Graphs represent an increasingly popular data
model for data-analytics, since they can naturally represent relationships and interactions between entities. Relational databases
and their pure table-based data model are not well suitable to
store and process sparse data. Consequently, graph databases
have gained interest in the last few years and the Resource
Description Framework (RDF) became the standard data model
for graph data. Nevertheless, while RDF is well suited to analyze
the relationships between the entities, it is not efficient in
representing their attributes and properties. In this work we
propose the adoption of a new hybrid data model, based on
attributed graphs, that aims at overcoming the limitations of
the pure relational and graph data models.
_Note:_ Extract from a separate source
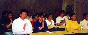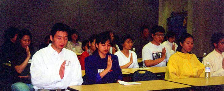 【明慧网2002年5月16日】2002年5月12日,为迎接法轮大法洪传十周年及世界法轮大法日的到来,堪萨斯城及邻近城市哥伦比亚市和曼哈顿市的大法弟子,在堪萨斯城召开了首次法轮大法修炼心得交流会。会场气氛庄重祥和,四周墙壁上挂有中英文的“真,善,忍”,“法轮大法”及“世界法轮大法日”的横幅,师尊的法像高高悬挂在会场中央,在弟子们敬献的鲜花之中。

We present how we
have re-designed the GEMS data-analytics framework to fully
take advantage of the proposed hybrid data model. To improve
analysts productivity, in addition to a C++ API for applications
development, we adopt GraQL as input query language. We
validate our approach implementing a set of queries on net-flow
data and we compare our framework performance against Neo4j.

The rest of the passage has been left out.